Eso permite crear burbujas donde las personas solo ven contenido que refuerza sus creencias. Aunque parezcan espacios inofensivos, también pueden manipular opiniones. En época de fin de año esto se intensifica porque las emociones están más cargadas y la actividad en redes aumenta. Multiplica la cantidad de datos disponibles.

Estas burbujas determinan qué anuncios aparecen, qué noticias circulan y qué mensajes se priorizan. Una persona puede quedar atrapada en un ecosistema informativo creado solo a partir de sus reacciones, sin darse cuenta de que está siendo moldeada por sistemas que buscan predecir y dirigir su comportamiento. 

¿Cómo se relaciona el aumento del contenido emocional en redes con el incremento de campañas de desinformación que se intensifican en diciembre? 

—Las campañas aumentan en estas fechas porque la gente baja la guardia. Comparte más, publica más y debate más. Los sistemas detectan ese movimiento emocional y pueden amplificar contenido engañoso. Un rumor se esparce rápido cuando muchas personas están conectadas al mismo tiempo y actúan impulsivamente. 

La desinformación se alimenta de reacciones humanas y diciembre es un mes perfecto para eso. Sea por política, por consumo o por identidad, cualquier contenido que provoque emociones fuertes se difunde. Y al difundirse, se multiplica como si fuera un hecho confiable, aunque sea totalmente falso o manipulado.

¿Qué peligros trae la falta de cultura de ciberseguridad en hogares que dependen cada vez más de dispositivos conectados? 

—Carecemos de cultura digital. No sabemos cuidarnos en el ciberespacio y pensamos que basta con no compartir contraseñas. No es así. Usar redes sociales, correo o sitios de compras requiere hábitos que la mayoría desconoce. Quien ignora esos riesgos también deja vulnerables a las personas con quienes convive. 

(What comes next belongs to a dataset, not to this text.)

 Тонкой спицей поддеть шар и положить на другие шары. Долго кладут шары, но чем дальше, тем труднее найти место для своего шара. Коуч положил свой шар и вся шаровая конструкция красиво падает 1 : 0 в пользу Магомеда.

La brecha digital agrava el problema. Jóvenes hiperconectados, adultos desconfiados y adultos mayores sin habilidades tecnológicas coexisten bajo el mismo techo. Si uno se equivoca, todos quedan expuestos. 

La privacidad ya no es solo un derecho individual. También es un riesgo compartido. Si alguien del hogar publica algo sensible, todos quedan expuestos. Y esa exposición alimenta sistemas que aprenden de nosotros sin que podamos controlar qué información están tomando o cómo la usan. 

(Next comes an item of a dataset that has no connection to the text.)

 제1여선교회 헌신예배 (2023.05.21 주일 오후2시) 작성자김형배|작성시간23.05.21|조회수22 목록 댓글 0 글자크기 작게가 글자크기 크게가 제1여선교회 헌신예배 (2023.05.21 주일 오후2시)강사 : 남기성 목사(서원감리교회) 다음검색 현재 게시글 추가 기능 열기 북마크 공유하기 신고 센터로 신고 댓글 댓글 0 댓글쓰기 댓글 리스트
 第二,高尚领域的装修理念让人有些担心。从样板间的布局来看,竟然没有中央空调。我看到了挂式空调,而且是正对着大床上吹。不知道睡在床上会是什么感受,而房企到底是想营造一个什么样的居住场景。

¿Por qué la educación debe transformarse para enfrentar esta realidad? 

—Hay que cambiar la educación. Debemos enseñar a cuidarse en el mundo digital desde temprana edad. Estas habilidades ya no son opcionales. Forman parte de la vida diaria porque hoy se vive más en el ciberespacio que en el mundo físico. Eso exige crear política pública enfocada en seguridad digital. 

Reformar la enseñanza implica incluir hábitos de protección y alfabetización tecnológica. Existen ejemplos como los centros comunitarios en Paraguay, donde cualquier persona aprende a usar tecnología y a protegerse. Ese modelo demuestra que la educación debe involucrar a toda la sociedad y no solo a los jóvenes en la escuela. 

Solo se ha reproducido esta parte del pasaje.